On winning the award, Murray noted, “It’s nice to be acknowledged for your hard work. It’s the greatest feeling to be noticed for the work you do. We take great pride in it.”
Joseph Rocco, Artistic Floors by Design, installed a new living room floor for a friend in Parker, Colo., featuring 2 1/4” Select Red Oak, 4” White Oak, 3” Maple Wenge, African Mahogany and hand-carved Mindi. The two-week project, which features both raised and depressed panels, was installed using Stauf PUM-950; a Bosch chopsaw; DeWalt tablesaw; tools from Festool including a tracksaw, router and palm sander; as well Lenmar Rapid Seal and Basic Coatings StreetShoe Super Matte.
“The process of creating panels that are both raised and depressed was difficult,” he said. “The imperfect track-home builder subfloor exacerbated the working plane and challenged us in creating a unified surface. We overcame this by hand-working the depressed sections with the scraper and palm sander.” Rocco noted the design came together after he saw a quilt the homeowner had been given from her grandmother. “I thought it was a really cool design, so I played around with different design ideas and we put something together.”
He said he wishes hardwood flooring installation had more texture, which is why he went with a raised and depressed floor. “The vast majority of hardwood is flat and sanded smooth. Sure, there’s some hand-scraping for texture but that needs to be expanded. Texture not only adds interest but helps hide wear and tear.”

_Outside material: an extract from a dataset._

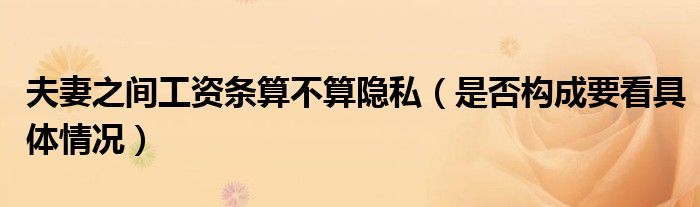 大家好,綜合小編來為大家講解下。夫妻之間工資條算不算隱私,是否構成要看具體情況很多人還不知道,現在讓我們一起來看看吧!

Rocco noted that hardwood flooring installers should always look for ways to challenge themselves. “I have to give a big shout-out to Frank Kroupa [former National Wood Flooring Association director of technical training, now retired]. He was the guy who told me never to limit myself. He said anything I can dream up in my head I can do in hardwood. I can’t thank the NWFA enough. They taught me so much not just about my craftsmanship but also my business.”
On winning the award, he added, “It was a great floor and we love to raise the bar so other hardwood guys out there will go, ‘Wow! That’s doable?’ We want to bring the whole industry up, and this award helps bring that acclaim and publicity to hardwood.”

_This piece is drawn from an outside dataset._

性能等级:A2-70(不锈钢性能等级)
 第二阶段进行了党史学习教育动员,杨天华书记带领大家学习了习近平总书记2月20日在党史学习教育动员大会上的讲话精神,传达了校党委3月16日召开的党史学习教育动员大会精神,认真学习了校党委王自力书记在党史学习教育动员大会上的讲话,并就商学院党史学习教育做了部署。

Despite repeated attempts, FCI was unable to get in touch with Ron Mayo of Flooring Systems. We took the following information from his entry to share more about the award-winning project at Good Samaritan Regional Health Center in Mount Vernon, Ill., a 142-bed, 500,000 sq. ft. facility. The hospital required carpet tile, porcelain, ceramic and quarry tile, stone and sheet vinyl.
According to his entry, Tec products were used solely throughout the installation including the company’s vapor barrier, self-leveling underlayment, skim coat, crack isolation membrane, adhesives, mortar, grout and caulk. “The installers had to prepare surfaces for both wet and dry environments - including patient showers. The LiquiDAM Penetrating Moisture Vapor Barrier was applied to the concrete substrate throughout the hospital.”
His entry went on to state, “Smooth Start Self Leveling Underlayment, PerfectFinish Skim Coat and Fast-Set Deep Patch readied the substrate prior to the application of adhesives. In patient showers and restrooms, the installers performed flood testing of Tec HydraFlex Waterproofing Crack Isolation Membrane. Generally, the installers had to install a wide range of flooring types. A wide range of Tec adhesives – including Solid Vinyl Plank and Tile Adhesive, Clear Thin Spread Adhesive, Releasable Pressure Sensitive Adhesive and Premium Fast Grab Carpet Adhesive – were used to achieve long-lasting bonds with wood-looking sheet vinyl and carpet tile. Carpet tile was used in the hospital’s corridors, offices and waiting areas, while sheet vinyl was installed in corridors and patient rooms.”
Once again, FCI extends its congratulations to all the winners.